For the How We See works, Simmons and her studio manager, Mary Simpson, worked with a number of models who were fascinated with the project’s concept. Each model, chosen for her ethereal beauty, had to sit for hours while a make-up artist painted on her eyelids. While photographing the models, Simmons would instruct them to make microturns of their heads and faces and minute changes in where their gaze was directed (with their eyes closed) so that she could take the most dynamic and engaging shot. Many of the most compelling images selected during the editing process, Simmons noted, were those where the model appears to be looking directly at the viewer with the piercing faux eyes. Talk about a trompe l’œil!

Laurie Simmons with members of the Junior Associates. Photo: Jessica Womack

Laurie Simmons with members of the Junior Associates. Photo: Jessica Womack

Laurie Simmons’s work hanging in her studio. Photo: Gretchen Scott

Laurie Simmons’s work hanging in her studio. Photo: Gretchen Scott

Simmons’s interest in dolls has grown and evolved over her 40-year career. “I was always interested in fantasy and child’s play,” she reminisced. “I started out photographing dolls and doll figures.” Her earliest photographs from the 1970s include female dolls situated in dollhouses—specifically kitchens and bathrooms—to visualize and critique the stereotypical role of women as doting and domestic housewives.

Simmons’s slide negatives. Photo: Gretchen Scott

Simmons’s slide negatives. Photo: Gretchen Scott

During our visit, Simmons also spoke at length about her relationship with photographer Jimmy DeSana. After meeting in the early 1970s, DeSana and Simmons struck up a friendship and working relationship, and eventually became roommates. She inherited DeSana’s uncatalogued estate after his death in 1990, and it was then that she realized just how important it is for an artist to keep impeccable records. Simmons and her team keep slide negatives of all of her works in meticulously organized archives.
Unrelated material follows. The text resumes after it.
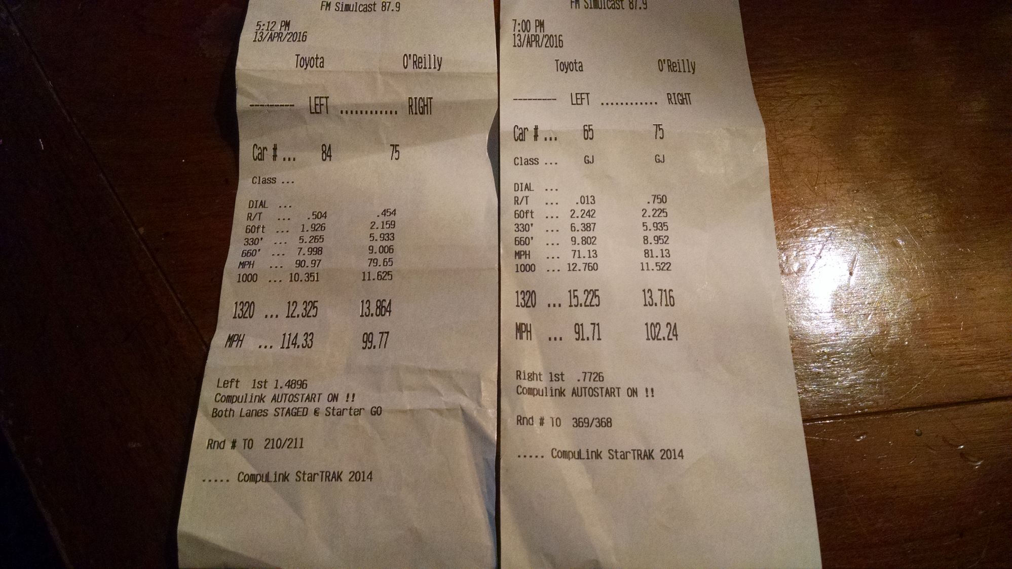 I am car 75, the slip on the left is against an old school Camaro, the slip on the right an older WRX.

Simmons and members of The Junior Associates. Photo: Gretchen Scott

Simmons and members of The Junior Associates. Photo: Gretchen Scott

In addition to being a photographer and working as an archivist of DeSana’s work during her long career, Simmons is also a filmmaker. “I just finished shooting a feature film. It’s called My Art. It’s about a woman artist around my age who is looking for a breakthrough in her work. She goes to a small town and meets people who help her with her work, which is recreating old movie scenes. I had two challenges: I don’t think people are interested in seeing movies about artists, and I don’t think they are interested in seeing movies about women my age. So, of course,” she said with a grin, “that’s the movie I made.”